— Ай, ай, ай, моя собаченька, гуляй, гуляй как следует, собаченька!
Собака-швабра не обращала внимания на болтовню хозяйки. Она обнюхивала заборы и то и дело поднимала заднюю лапу.
— Ай, ай, ай, собаченька столько всяких следочков находит!
Собака и на это не реагировала. Обнаружив привет другой собаки, она оставляла свой привет. Станислаус все разглядывал смешного песика и вдруг заскулил, как течная сучка. Черная швабра прислушалась. Потом поднялась на задние лапки и попыталась протиснуться между штакетинами.
— Что там нашел мой маленький? Что он там нашел? — спросила женщина.
Собака не ответила, заскулила и принялась скрести лапами забор. Женщина подошла ближе.
— Добрый день.
— Добрый день! — Станислаус схватился за свой пекарский колпак.
— Должно быть, вы хороший человек.
Это прозвучало для Станислауса музыкой, но все-таки он с сомнением пожал плечами.
— Можете мне поверить. Моя собака идет только к хорошим людям. Не могли бы вы доставить ей удовольствие и почесать ей носик?
— Если угодно! — Станислаус просунул между планками перепачканный землею указательный палец и почесал собачий нос. Собака с наслаждением скребла себе живот задней лапой.

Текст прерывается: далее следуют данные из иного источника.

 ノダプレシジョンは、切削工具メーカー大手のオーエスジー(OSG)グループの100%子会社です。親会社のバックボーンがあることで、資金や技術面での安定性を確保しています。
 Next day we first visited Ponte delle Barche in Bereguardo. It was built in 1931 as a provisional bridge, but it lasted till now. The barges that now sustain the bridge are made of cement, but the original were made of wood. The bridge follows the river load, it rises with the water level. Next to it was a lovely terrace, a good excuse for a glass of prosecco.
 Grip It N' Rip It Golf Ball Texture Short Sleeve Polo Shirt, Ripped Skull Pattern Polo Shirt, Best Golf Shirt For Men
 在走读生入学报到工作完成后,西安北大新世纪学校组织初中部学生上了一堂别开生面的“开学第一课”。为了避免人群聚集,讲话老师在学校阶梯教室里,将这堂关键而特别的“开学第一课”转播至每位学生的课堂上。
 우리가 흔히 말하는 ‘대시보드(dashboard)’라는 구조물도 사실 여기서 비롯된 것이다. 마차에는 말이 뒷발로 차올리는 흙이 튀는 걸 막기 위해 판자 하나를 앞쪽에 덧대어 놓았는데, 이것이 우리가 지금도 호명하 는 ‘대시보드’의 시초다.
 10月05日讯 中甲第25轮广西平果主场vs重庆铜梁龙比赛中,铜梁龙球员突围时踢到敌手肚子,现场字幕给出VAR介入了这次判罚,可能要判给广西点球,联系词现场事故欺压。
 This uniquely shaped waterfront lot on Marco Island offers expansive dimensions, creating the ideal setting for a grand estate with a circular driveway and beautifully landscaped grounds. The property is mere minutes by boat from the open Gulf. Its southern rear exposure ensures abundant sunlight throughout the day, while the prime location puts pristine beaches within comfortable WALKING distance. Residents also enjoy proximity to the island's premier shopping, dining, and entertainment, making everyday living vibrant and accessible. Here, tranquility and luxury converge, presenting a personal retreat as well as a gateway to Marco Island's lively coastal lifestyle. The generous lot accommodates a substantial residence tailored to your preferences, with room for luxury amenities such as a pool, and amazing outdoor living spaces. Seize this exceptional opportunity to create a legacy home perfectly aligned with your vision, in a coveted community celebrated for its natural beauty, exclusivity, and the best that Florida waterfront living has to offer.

— Большое спасибо и до свидания!
Женщина пошла дальше. Немного погодя собака потрусила за ней.
Не только чудаки ходили но Садовой улице. Однажды под вечер вниз по улице шла худощавая девочка. Она была бледная и аристократичная, как те девушки, которых Станислаус видел на картинках. Насколько ему удалось разглядеть, эта девочка напоминала девицу, которую усыпил своей таинственной силой тот индус на обложке гипнотической книжки. Особенно Станислаусу приглянулась черная бархатная лента. Эта лента делила на две части гладко зачесанные назад волосы бледной девочки. Она была как бархатный мостик над снежной дорожкой пробора. Казалось, девочка разглядывала цветы за оградами. Ученика пекаря Станислауса она не замечала. В сине-серых глазах этого нежного создания он был не более чем белый, роющийся в земле крот, да и вообще он для нее не существовал. Черт его знает почему, но Станислаусу хотелось быть замеченным ею. Однако девочка пошла дальше, а Станислаус остался, такой же незаметный для нее, как воздух вокруг вишневых деревьев.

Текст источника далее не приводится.